Here the architecture of word building, phrase building, clause building and sentence building mechanisms of English has been studied with the aim to contrast it with that of Tamil. The word building mechanism of English has been studied so that the meaning of a word form in terms of lexeme and inflectional and derivational affixes can be correlated with that of Tamil to facilitate lexical transfer. The different patterns of major phrases such as noun phrase, verb phrase, adjectival phrase, adverbial phrase and prepositional phrase of English have been identified and depicted in structural terms to implement parsing technique. The different types of clause structures of both independent and dependent clauses have been thoroughly studied to correlate them with that of Tamil. All the sentential patterns have been identified. The different types of sentences and their word order have been studied, and there by identified the ways by which parsing can be performed on the English text and get the needed parsed trees for lexical and structural transfer.
6. UNDERSTANDING THE ARCHITECTURE OF TAMIL STRUCTURE
Here the architecture of sentence building mechanism of Tamil has been studied. The mechanism of building words has been explained to facilitate building of 'Tamil analysis dictionary' and 'Tamil generation dictionary' that help in designing lexical transfer module. The items and the arrangement of them in major phrases such as noun phrase, verb phrase, adjectival phrase adverbial phrase and postpositional phrase have been studied with the eye on transfer mechanism. The mechanism of building clauses by coordination and subordination has been elaborately dealt with to facilitate structural transfer. Different types of Tamil sentences and their word order have been studied with the aim to transfer the English sentences into Tamil.
7. CORRELATION
Correlation of English Structure With That of Tamil to Find Out the Salient Commonness and Differences
Here the mechanism of transferring word forms, phrases, clauses and sentences in English into Tamil by correlating the structure of the two languages has been studied. The commonalties and differences in the structure of English and Tamil from the point of view of computation to build a machine translation aid to translate English into Tamil have been explored. The word building mechanisms of Tamil and English have been correlated with an aim to help in designing lexical transfer module. Noun phrases, verb phrases, adjectival phases, adverbial phrases and adpositional phrases have been correlated to understand the mechanism of transferring of these phrases in English into Tamil. It has been noticed that the two languages deviate from one another from the point of view of English as language of SVO (i.e. verb medial language) and Tamil as language of SOV (i.e. verb final language).

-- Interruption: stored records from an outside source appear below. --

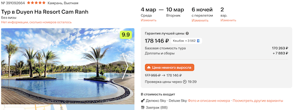 Стоимость в примерах указана за одного человека при условии поездки вдвоем. Стоимость туров для 1 человека можно посмотреть здесь или на странице отелей, изменив количество туристов.
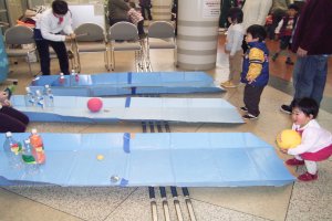 手作りのボーリングコーナーです。 ぴよぴよはけっこう力があるので ストライクを連発していました。 「今度いっしょにボーリングやろうね。」と 家でもたまに言われるので (テレビゲームでボーリングの ゲームがあるので。) もう少し大きくなったら 一緒にボーリングやりに 行こうと思ってます。 |
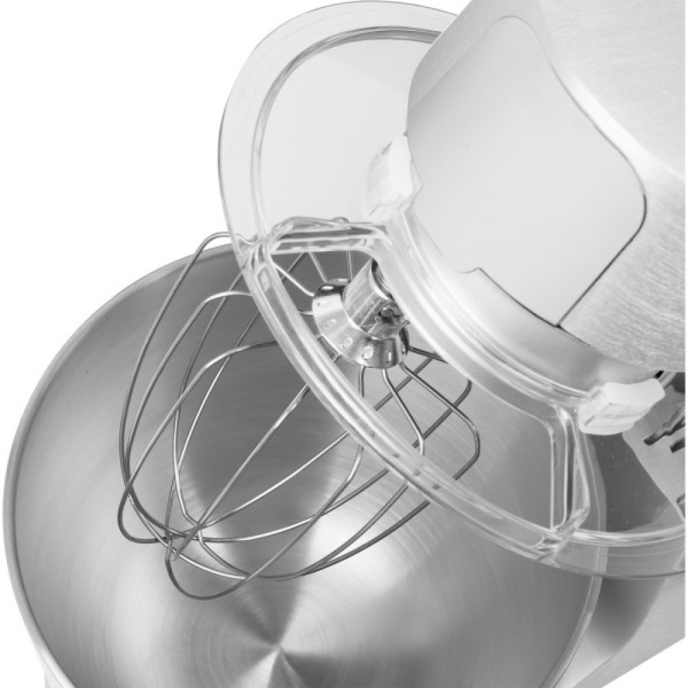 Стаціонарний міксер передбачає чашу на 8 л. Робочого об'єму достатньо для приготування до 4,5 кг тугого тіста або крему, а також шинкування і нарізки овочів на великі порції страв. При цьому габарити чаші дають змогу компактно розмістити її в будь-якому з кошиків посудомийної машини або прибрати для зберігання в кухонну шафку. Для максимальної чистоти і комфорту в роботі чаша обладнана прозорою кришкою з люком дозавантаження продуктів.
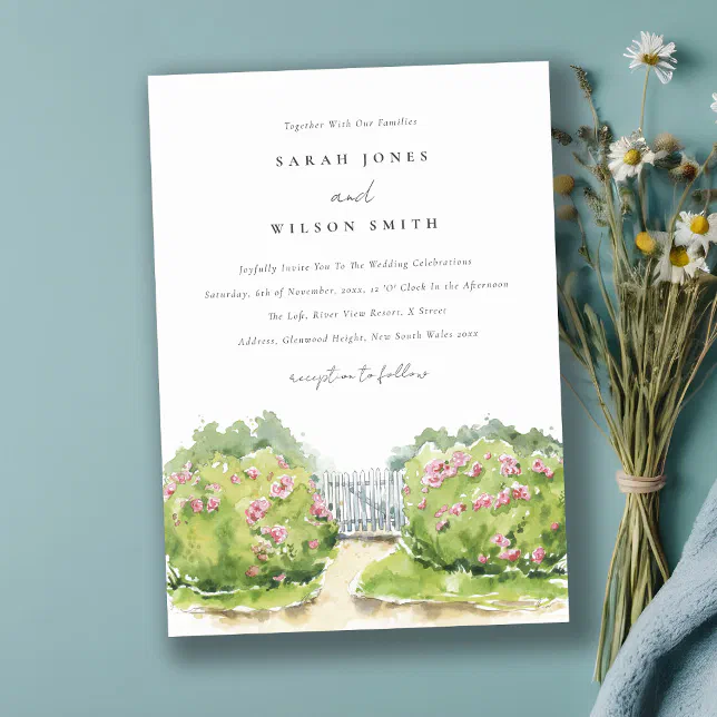 Elegant Pastel Watercolor Cottage Garden Wedding Invitation | Zazzle
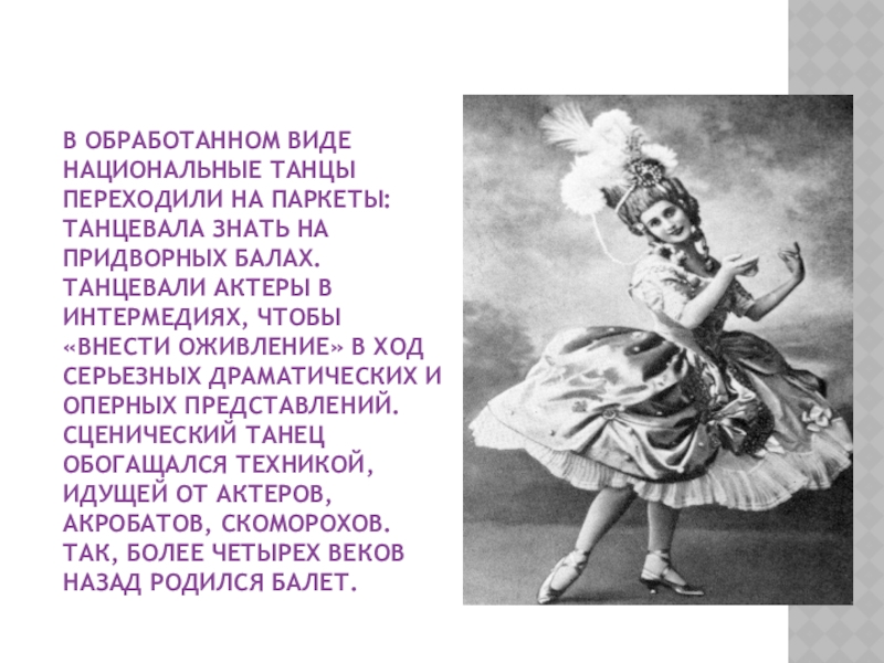 придворных балах. Танцевали актеры в интермедиях, чтобы «внести оживление» в ход серьезных драматических и оперных представлений. Сценический танец обогащался техникой, идущей от актеров, акробатов, скоморохов. Так, более четырех веков назад родился балет.
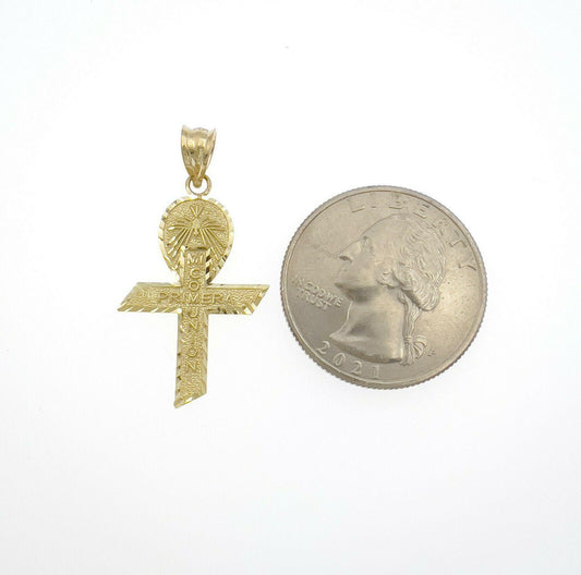 10k Yellow Gold Primera Comunion Cross Pendant Charm 1.3 inch
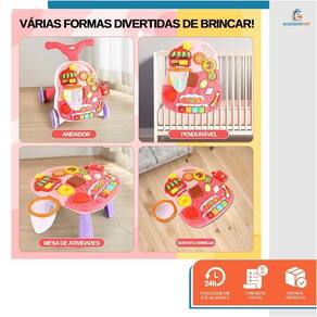 Andador de bebê 2 em 1: O andador de aprendizado de sentar a ficar em pé incentiva os primeiros passos do bebê, desenvolvendo coordenação e força ao empurrar o andador para frente, aprendendo a ficar em pé e caminhar inicialmente.Centro de Atividades Musical: Este andador de bebê oferece um centro de atividades para os bebês, incluindo blocos em formato de animais, engrenagens giratórias, um piano musical e muito mais, proporcionando várias formas divertidas de brincar.Projetado para Bebês: A alça do andador pode ser ajustada de acordo com a altura do bebê. Além disso, ele pode ganhar peso através da injeção de areia ou outros objetos pesados, garantindo que o bebê ande com mais estabilidade.Alta Qualidade e Segurança - Ambos os pneus são revestidos com anéis de borracha antiderrapante, a estrutura triangular suporta o chassi, evitando que o andador vire facilmente. A velocidade das rodas traseiras é ajustável, atendendo às necessidades dos bebês em diferentes estágios de caminhada.Características:Feito de materiais de alta qualidade e não tóxicosEstrutura triangular estável torna o item mais seguroDuas opções de ajuste de velocidade, adaptáveis à velocidade de caminhada do bebêA alça pode ser ajustada de acordo com a altura do bebêDesign de injeção de água, caminhada mais estávelEspecificações técnicas:Material: PlásticoDimensões: 41cm altura x 35cm largura x 40cm comprimento Necessita de 3 pilhas AA não incluídas Idade recomendável: 6+ mesesMarca: Baby StyleHomologação Inmetro: 3952/2018-BRI-23
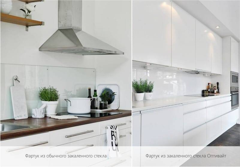 Выбирая материал на фартук, необходимо учитывать тот факт, что закаленное стекло бывает двух видов:

While English makes use of preposition to link nominal arguments with verbs, Tamil makes use of postposition and case markers to meet the same. The absence of regular case inflection in the case of English makes it rigid in its word order and the presence of case inflection in Tamil makes it more flexible in its word order. English distinguishes subject form object by means of the position, i.e. word order; where as Tamil does it by case inflection. Relative clause in English comes after the head noun, which is attributed and in Tamil it comes before the head noun. The infinitive clause in English comes after the main clause, whereas in Tamil it is comes before the main clause. That-clause complement occurs at the right side of the main clause in English, whereas it occurs at the left side of the main clause in Tamil.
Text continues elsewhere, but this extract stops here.